Goldberg first acknowledged weblogs only in consideration of them as tangential to her work. While some believe "they are changing the world," she said, as far as a newspaper editor is concerned "they are neither the problem, nor the point." Maladaptation in the information age, Goldberg suggested, causes her industry to slide, and could be remedied by changing the manner in which agencies advertise and solicit — and attract readers. To "learn from silicon valley," as she put it.
Later in her speech, however, Goldberg returned to independents. Bloggers, she charged, are "aggregators...stealing our news." To applause, she posed the city beat as arcana: if the established press didn't report urgent local news, "no one else would, because no one else can." That is ecclesiastical pique at the appeal of lay dilettantes, instructed by the persuasion that anyone who is not a journalist but peddles news wishes he were. In fact a political weblog, the higher its profile, is more likely a side trade of someone educated, specialized and accomplished.

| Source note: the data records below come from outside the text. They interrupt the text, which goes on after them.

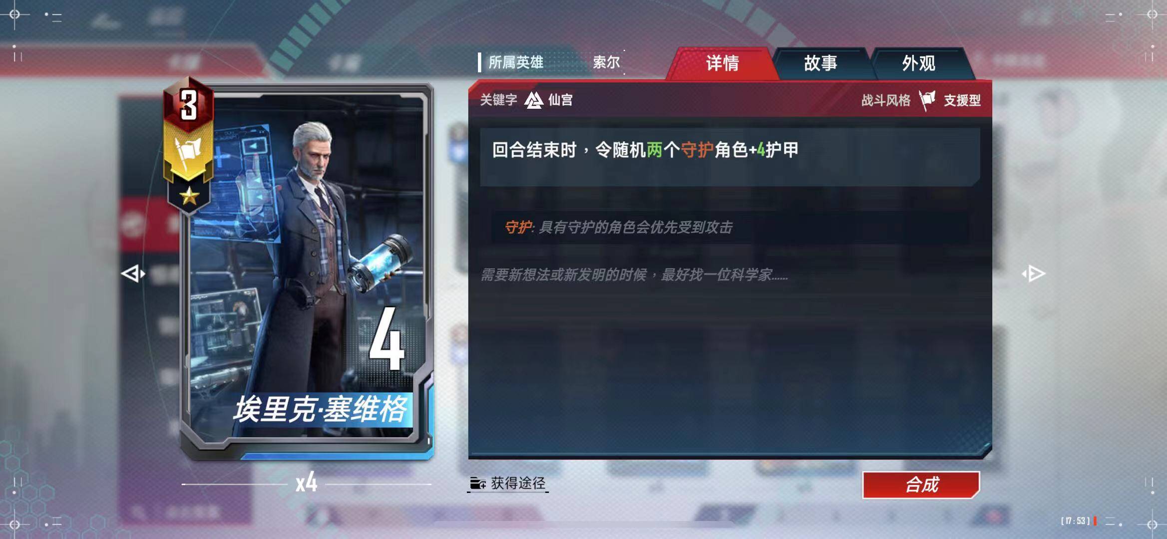 叠甲复仇者的叠甲就是源自这张牌,由于蓝队复仇者需要挨打来增加战斗力,给他们通过上面三种装备贴上守护并让埃里克站在场上叠甲就非常重要了,埃里克什么时候来,他能给复仇者们贴多少甲在一定程度上影响复仇者能多膨胀多少战斗力,非常重要。
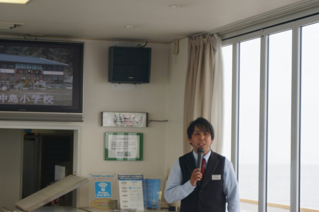 大津港を出港後、ガイドによる軽妙な解説を聞きながら、船は北上していきます。
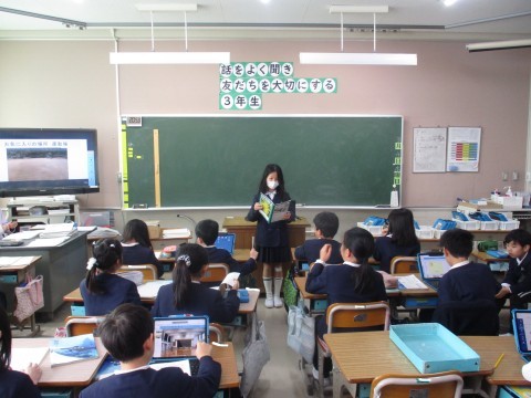 今日は、学校の中で一番のお気に入りの場所をみんなの前でスピーチしました。
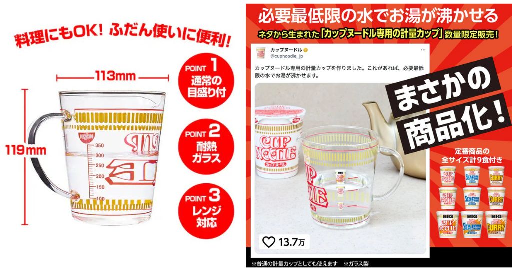 日本日清杯麵經常在 twitter 等社交平台推出各種天馬行空的日清杯麵相關商品企劃,引起了許多消費者的轉發與喜愛。而於2023年4月推出「杯麵造型量杯」想法短短時間已擁有超 13 萬喜歡,最終實體化開發成只送不賣的人氣週邊,是常吃日清泡麵的你一定要入手的品項!
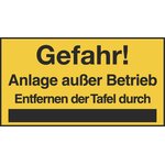 Gefahr! Anlage außer Betrieb Entfernen der Tafel durch ?..
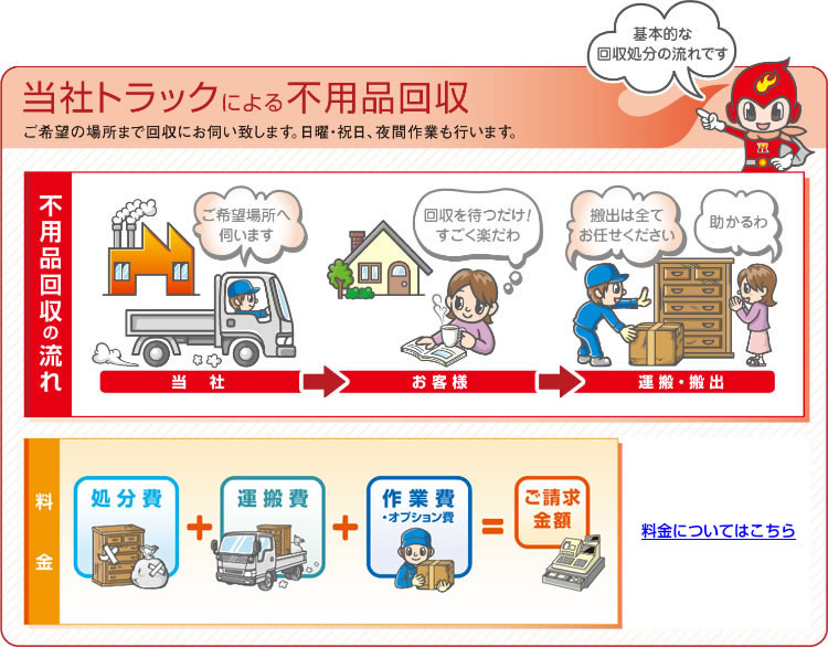 お客様より回収した不用品は廃棄物の処理法に基づき適正に処理されます。
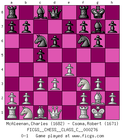 Last move : 0-1 2020 February 19 11:17:7 [Event "FICGS__CHESS__CLASS_C__000276"] [Site "FICGS"] [Date "2020.01.06"] [Round "1"] [White "McAleenan,Charles"] [Black "Csoma,Robert"] [Result "0-1"] [WhiteElo "1682"] [BlackElo "1671"] 1.e4 c5 2.Nf3 d6 3.d3 Nf6 4.g3 g6 5.Bg2 Bg7 6.O-O O-O 7.c3 Nc6 0-1 This chess game has been lost on time (started : 2020.01.06 8:8:20) Sicilian Kingside Castling by player White (move 6) Kingside Castling by player Black (move 6) Player Black won this chess game. Follow this game move after move (download)A good player is always lucky. (Jose Raul Capablanca) Der 70jährige Viktor Kortschnoi: Die Rentenanstalt wollte mich zwingen in Rente zu gehen. Meine Frau erhält jetzt eine Pension- und ich zahle weiter in die Rentenkasse ein! (Viktor Kortschnoi) En un gambito tu regalas un Peón por el bién de tomar un juego perdido. (Samuel Standige Boden) Les échecs sont un jeu par leur forme, un art par leur essence et une science par sa difficulté d'acquisition. Ils peuvent vous procurer autant de plaisir qu'un bon livre ou une belle musique, mais vous n'aurez une réelle joie que si vous arrivez à bien jouer. (Tigran Petrosian) You think that education is too expensive ? Try ignorance. (Derek Bok)
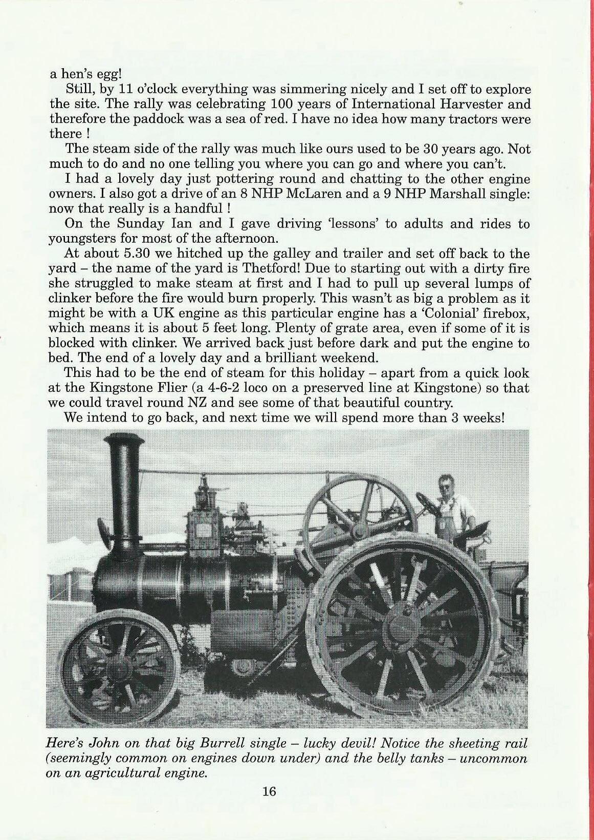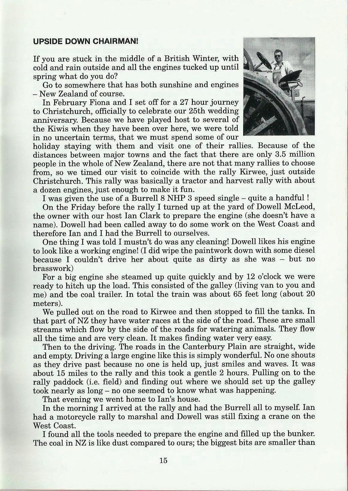 In February Fiona and I set off for a 27 hour journey • to Christchurch, officially to celebrate our 25th wedding anniversary. Because we have played host to several of the Kiwis when they have been over here, we were told in no uncertain terms, that we must spend some of our holiday staying with them and visit one of their rallies. Because of the distances between major towns and the fact that there are only 3.5 million people in the whole of New Zealand, there are not that many rallies to choose from, so we timed our visit to coincide with the rally Kirwee, just outside Christchurch. This rally was basically a tractor and harvest rally with about a dozen engines, just enough to make it fun.
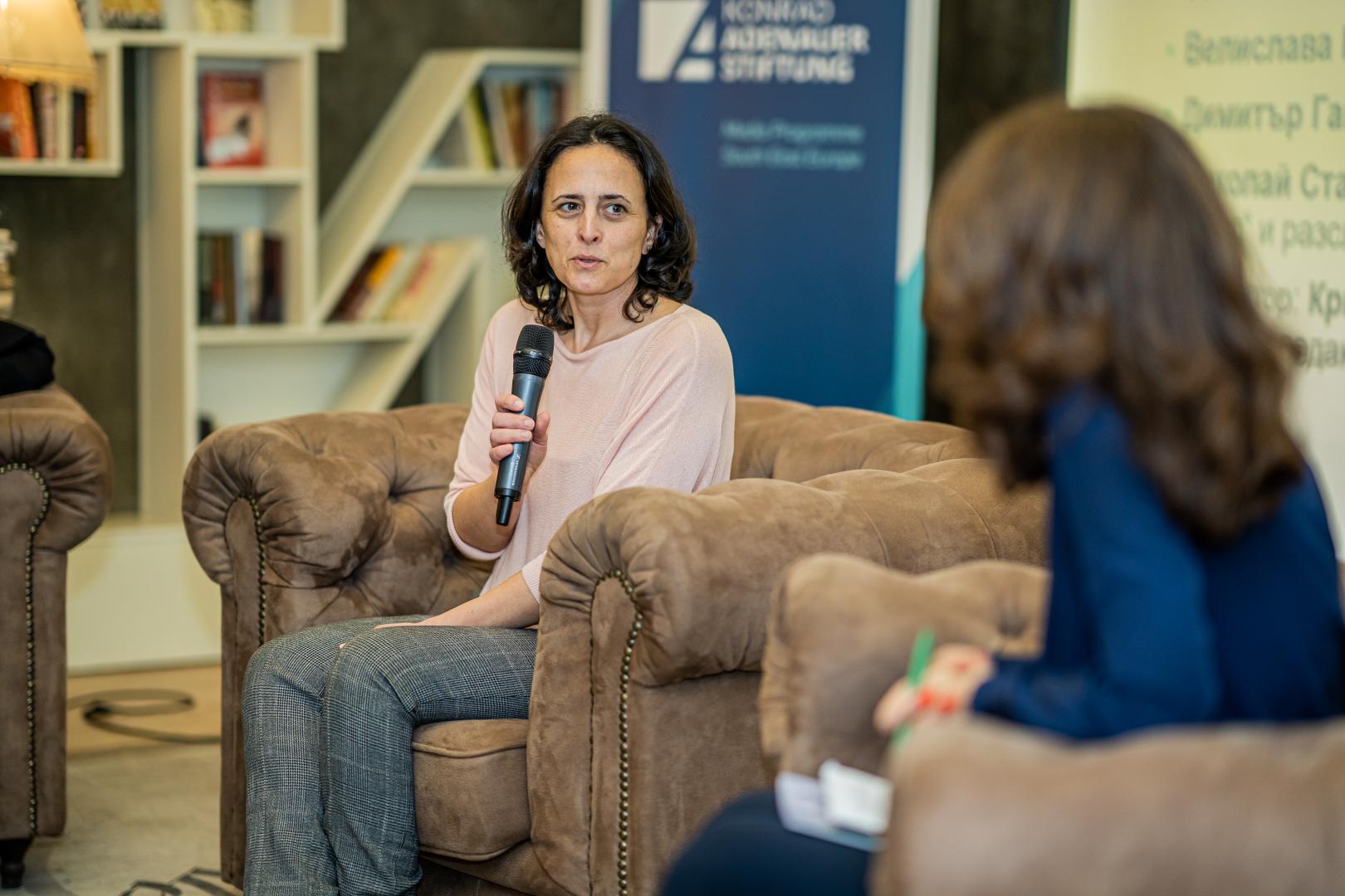 In der nachfolgenden Diskussionsrunde sprachen Genka Shikerova (Radio Free Europe/TV1), Velislava Popova (Nachrichtenportal dnevnik.bg), Dimitar Ganev (freier Investigativ-Journalist) und Nikolay Staykov (Anti-Korruptions-Fonds) über verschiedene Aspekte des investigativen Journalismus. Der Fokus lag dabei auf Qualität und Relevanz von investigativen Recherchen, Empfänglichkeit des Publikums für komplizierte und lange investigative Geschichten, Finanzierung, politischer Druck sowie regionale und überregionale Zusammenarbeit von Journalisten und Medien.
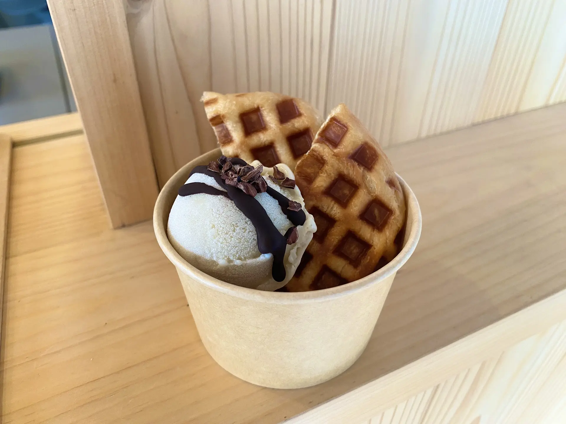 人気の卵乳不使用ドーナツの生地を使ったワッフルは外はサクッと他と一味違う美味しさです!
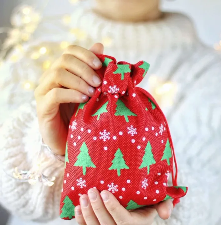 1 szt. Worek jutowy z nadrukiem 30 x 40 cm - czerwony / choinka
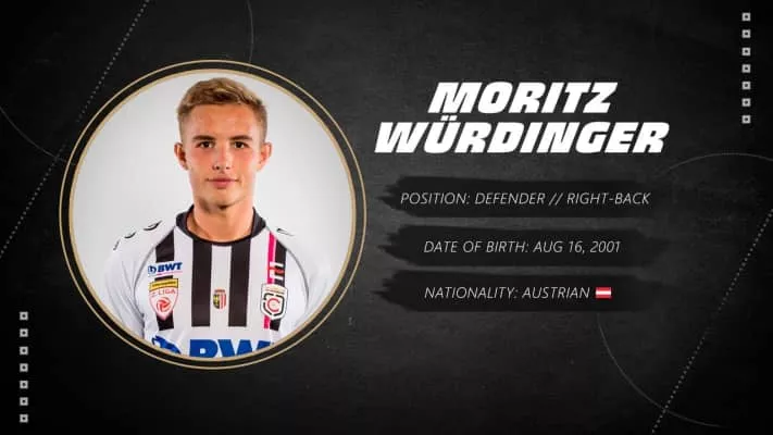 Moritz Würdinger (AUT) is a ball winning defender and currently plays for Pasching. Moritz Würdinger is 20 years old (2001/08/16). His preferred foot is Right. His jersey number is 13. Moritz Würdinger has also been used as a ball playing defender, a stopper and as a defensive back.AUT
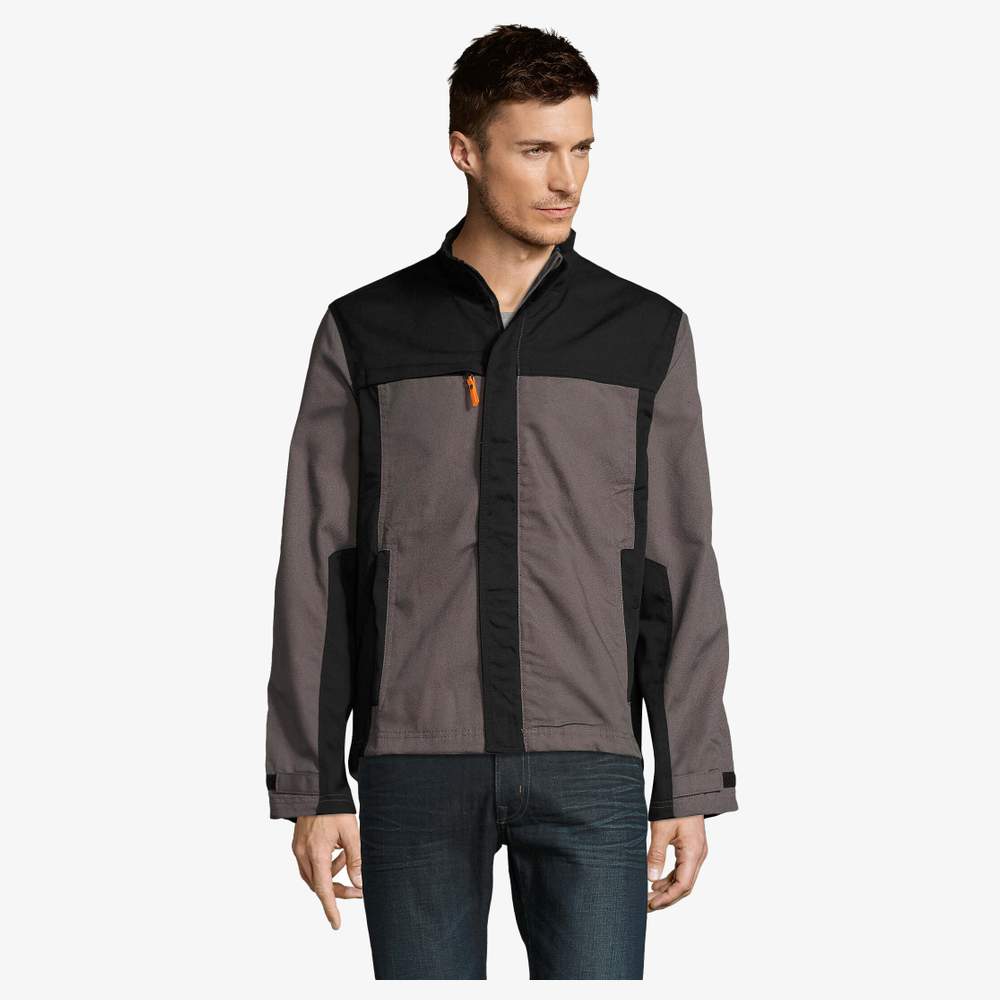 Giacca da lavoro uomo bicolore. Collo alto. Chiusura con zip e patta di protezione. 3 tasche con zip. Polsini regolabili. Cordoncino di regolazione interno. Passepoil riflettente sulla schiena e sulle maniche. Etichetta identità interna ricamata. Possibilità di personalizzazione con ricamo per aggiungere il proprio logo o il proprio visivo.
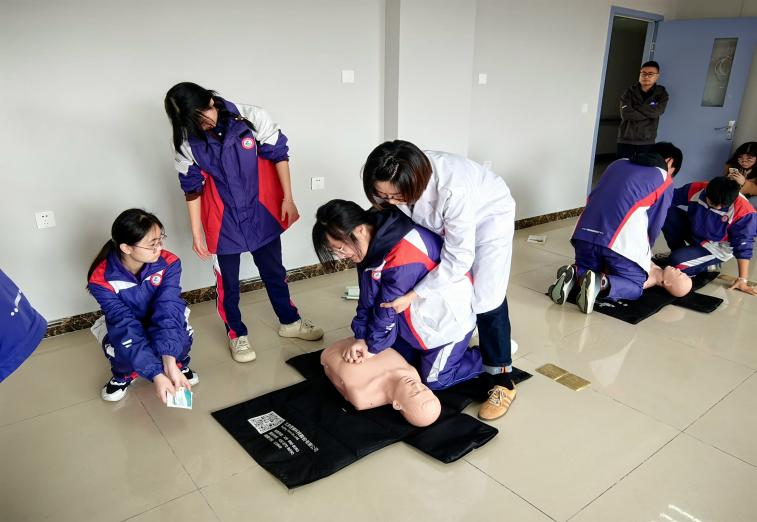 全科教研室教师为同学们普及急救黄金时间概念和急救技能,包括心肺复苏、AED的基本操作步骤、要领和注意事项,以及海姆立克急救法的完整操作,临床实训中心教师耐心细致示范急救操作方法。宣讲后,老师们分组带领同学们利用模拟人进行实操练习,一对一纠正同学们实操动作。参与学习的同学们纷纷感慨急救技能很实用,在遇到紧急情况时,能迅速开展有效自救或互救,尽可能争取黄金抢救时间。
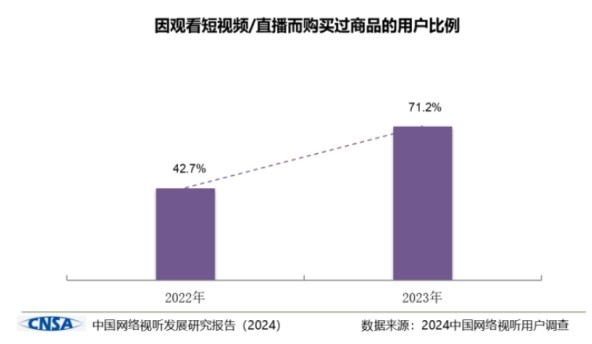 此外,短视频直播拉动消费效应明显,七成以上用户因看短视频/直播购买商品,短视频/直播和电商、文旅成为最强CP。“带货成直播C位。调查显示,53.7%的用户经常收看电商直播\直播带货,较2022年增加23.4个百分点,增速最快。”
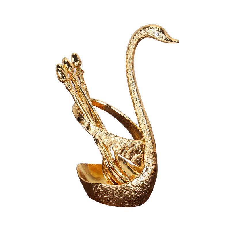 6pcs Classical Golden Swan Spoon Holder Set – Vintage Zinc Alloy (Gold Plated)
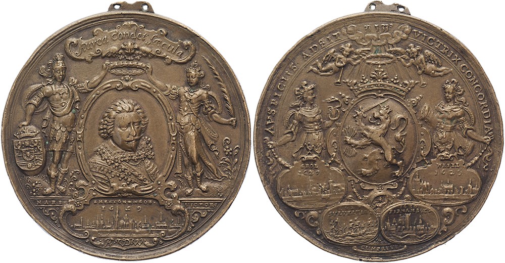 1630 Overwinningen van Stadhouder Prins Frederik Hendrik. Inname van ’s-Hertogenbosch. Borstbeeld van Frederik Hendrik driekwart naar rechts tussen Mars en Victoria. / Nederlandse leeuw op schild gehouden door Prudentia en Fortitudo. Æ 67. vL II-193/190.1; JMP 1953.110. A. van de Wilge. Draagoogje afgebroken. Zeer fraai.
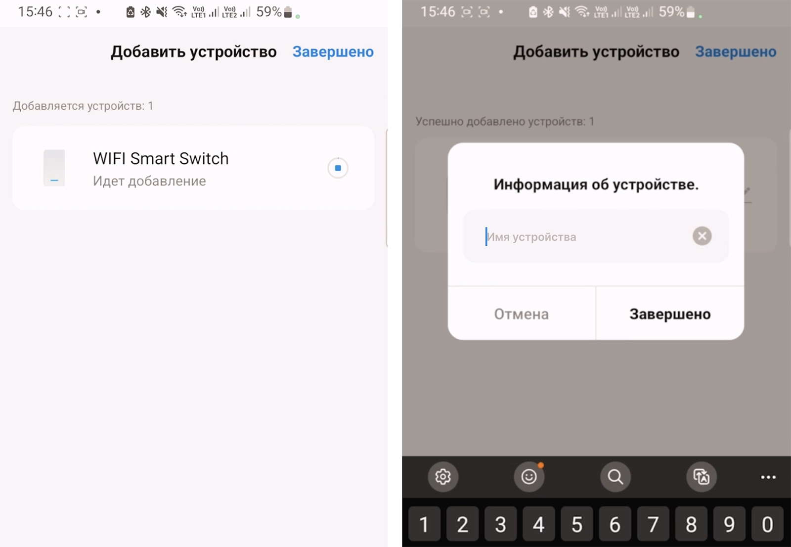 После этого запустится процесс синхронизации, умный выключатель появится в списке доступных устройств. Задайте ему название и нажмите «Завершено».

True, bloggers are a collection. But when CBS News, three years ago, tried to pass off Word documents as thirty-year-old incrimination, the aggregators, ex vi termini, aggregated. Experts were consulted and corroborated in such immediate ways not possible ten years before; Dan Rather was reduced to a mutterer. Michael Totten, Michael Yon and other embedding freelancers have submitted more reflective dispatches and photographs from Iraq and the Near East than the most prepotent networks and bureaus. The latter spent the last five years aggregating, indeed: tentative assignments relying on native stringers.
A few moments of clarity came when Goldberg elaborated on statements made in the Plain Dealer. Editors and publishers must "think long and hard about what makes you special in your marketplace." With the customer in mind, "a front page that is made up only of things you can worry about is a failed front page." Yet in her peroration Goldberg reverted to cant. Vindication would come by harnessing the "power of diversity." Technology, professional reevaluation second? She wasn't done. Career journalists "must not tolerate the haters, because they will bring us all down," commence transmission of truth to power.
For now, only moments.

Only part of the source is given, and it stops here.